Anyway, do I even need sub with bookshelf's or do they have any bass? Currently I have a cambridge four point surround setup, Which has a powered sub that the speakers connect to the back of it; it overall sounds pretty decent for my small room or could I maybe wire my Cambridge PC Speakers sub to it with a 3.5mm to RCA cable?? It has 2 outputs, Front and Rear 3.5mm Jacks, I also have a cheap crappy In The Box HT System somewhere that had a Sub (but I dont like it). gimme some suggestions...


----------



## ToddTheMetalGod

With bookshelf speakers I would suggest a small sub, as to not overpower the rest of the sound signature and give it a little bit more kick. It's not absolutely necessary, but the bass might not extend as far as you would like. With a properly calibrated crossover you'll have a lot more detail and texture in the lower frequencies and it won't feel as anemic. Crossover also allows the speakers to produce better mid-range and highs without the bass muddying the quality.


----------



## Birdman74

Ya I most definitely want a small sub, just to add proper bass to the Bookshelf setup, any suggestions? I am going to be running the setup from a amp / avr that has all the speaker outputs and connectors, Not sure what you mean by Crossover but I dont think I will need anything special here since the amp has the sub out and everything?

How about something like this? http://i.oodleimg.com/item/2957766178u_3x424x360f?1340279879 

Its a powered sub, Aiwa TS-W5HR. I found a few locally, it has changable frequency from 60hz, 90hz & 120hz although I think I should be able to change that from the avr itself?


----------



## ToddTheMetalGod

The crossover point is the frequency at which you start passing all of the lower frequencies to the sub. For example, if the crossover point was set at 100Hz, everything below 100Hz would be sent to the sub and the speakers would receive everything above 100Hz. It just makes for a cleaner sound from both the sub woofer and the speakers. And these changable frequencies are the crossover point and you should be able to change it from the AVR as well.

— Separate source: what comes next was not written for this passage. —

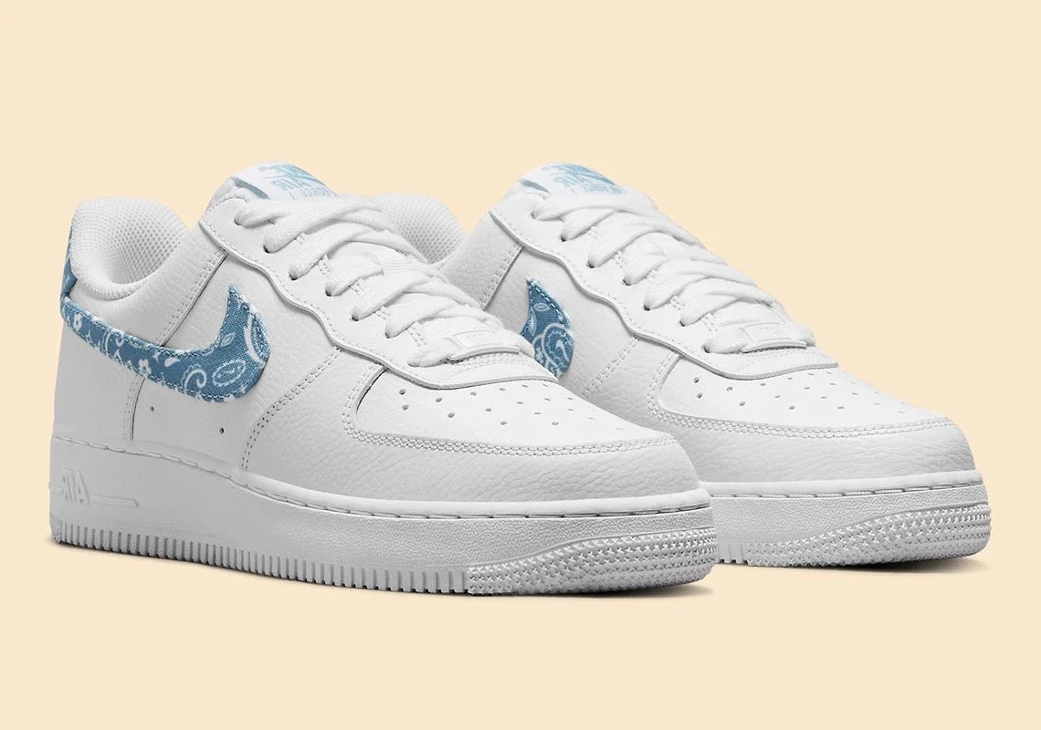 La Nike Air Force 1 Low ’07 Essential White Worn Blue Paisley revisite l’icône de 1982 avec une touche délicatement rétro grâce à son motif paisley bleu vieilli. Sa tige en cuir lisse blanc premium crée une base immaculée et intemporelle, tandis que le swoosh et le talon habillés du Worn Blue offrent un contraste doux et élégant. Le motif cachemire, subtilement texturé, apporte une dimension artisanale et tendance qui donne à la sneaker une identité unique.

I would change the setting on both just to make sure the speakers aren't unnecessarily producing the low frequencies. I've never heard it so I'm not sure about the quality, but it should fit in well with the setup since it doesn't seem to take enough wattage to be overpowering. I'm afraid it might be a little underwhelming though, considering you have a center channel as well. It'll definitely be better than the speakers alone though and if you feel underwhelmed you can leave the crossover on the receiver off so both the speakers and sub are producing the low frequencies.


----------



## Birdman74

So Does Sony basically suck in the speaker or subwoofer department?

Because I saw a few Sony Subwoofers from their HT systems going for next to nothing, found 2 listings for _Sony-SA-WMS230_ also going for next to nothing. How bad can it be? I want good bass not house shaking but something Good to compliment my speakers. I dont know if I should go for them or save some money and go for something else like in the $100+ range?


----------



## smellyfungus

anything home theater is probably gonna be terrible in comparison to separate components. i would recommend perusing avsforum's for advice. will save you a headache and help you make the right decision the first time. i haven't looked at subs for a while so i don't have any recommendations for subs around $100.
  everything is gonna be based on your room size for what you may need. also crossover is typically recommended to be set at 80hz. i forgot the exact terms but if its higher you can basically position the frequencies instead of it blending with your speakers.


----------



## ToddTheMetalGod

Yeah I honestly don't know much about speakers, I stick to headphones since my parents don't like me blasting music (which I typically do, I like powerful speaker systems). Crossover is typically set at 80Hz. I would recommend reading the specifications for the speakers and subwoofer, and setting it accordingly since not all setups are the same. AVSForum is a great place, sort of like the equivalent of Head-Fi for speakers.


----------



## ScaryFatKidGT

Pioneer SW-8 or the Polk PSW10 or what ever there on is for $85 on amazon, or were you looking for something more expensive but just small?
   
  What wharfedales did you get? 10.1's? If you jump for the 10.2's you could probably live without a sub, it depends on what your looking to get out of it. For example if you take the $100 that you spend going for the 10.2's over the 10.1's on a sub you will get a lot more bass, but then you have a 3rd thing to deal with.
   
  And I would go 80hhz with book shelves.


----------